Each taste bud is made up of cells arranged together much like the slices of an orange. At the end of the bud that connects with the surface is a taste pore, which houses a receptor for the various chemicals that confer taste. For example, sweet molecules are sugars and alcohols, salty chemicals are dominated by sodium, and sour chemicals are dominated by hydrogen ions.
The interaction of the various molecules with the taste bud receptor stimulates a depolarization of the membrane at the receptor site. In depolarization, the membrane becomes more permeable to the passage of ions such as sodium and hydrogen (this is dependent on the particular receptor). The depolarization causes the activation of a protein called the G-protein, which acts to alter the countermovement of potassium out of the cell. The resulting ionic imbalance between the inside of the receptor cell and the outside generates an electrical potential. The potential can be harnessed to drive the movement of calicium ions into the cell. The excess calcium and the release of a neurotransmitter converts the receptor signal to an electrical signal, which is conveyed to the brain.
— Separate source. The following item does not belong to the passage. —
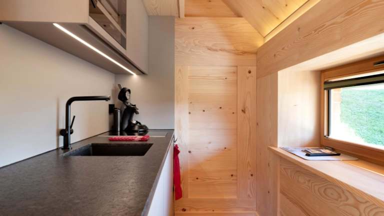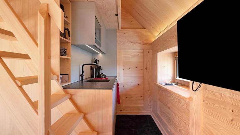 Das Ferienhaus verfügt über ein Schlafzimmer, ein Badezimmer, Bettwäsche, Handtücher, einen TV sowie eine voll ausgestattete Küche. Zudem umfasst es eine Veranda oder einen Patio mit Gartenblick.

Depolarization and re-polarization of the membranes of the cells are rapid events. This allows a taste cell to respond to a stimulus and quickly regain its potential for another response.
The taste receptors have a very low threshold, or the concentration at which a substance can be distinguished from water. The intensity of a taste sensation sems to be related to the number of taste cells that respond to the presence of the particular chemical. For example, if a food is exceptionally salty, the great number of sodium molecules in the food will stimulate the activity of a large number of taste buds. In more complex foods, which have a blended variety of tastes, the response by the population of taste buds will become diverse.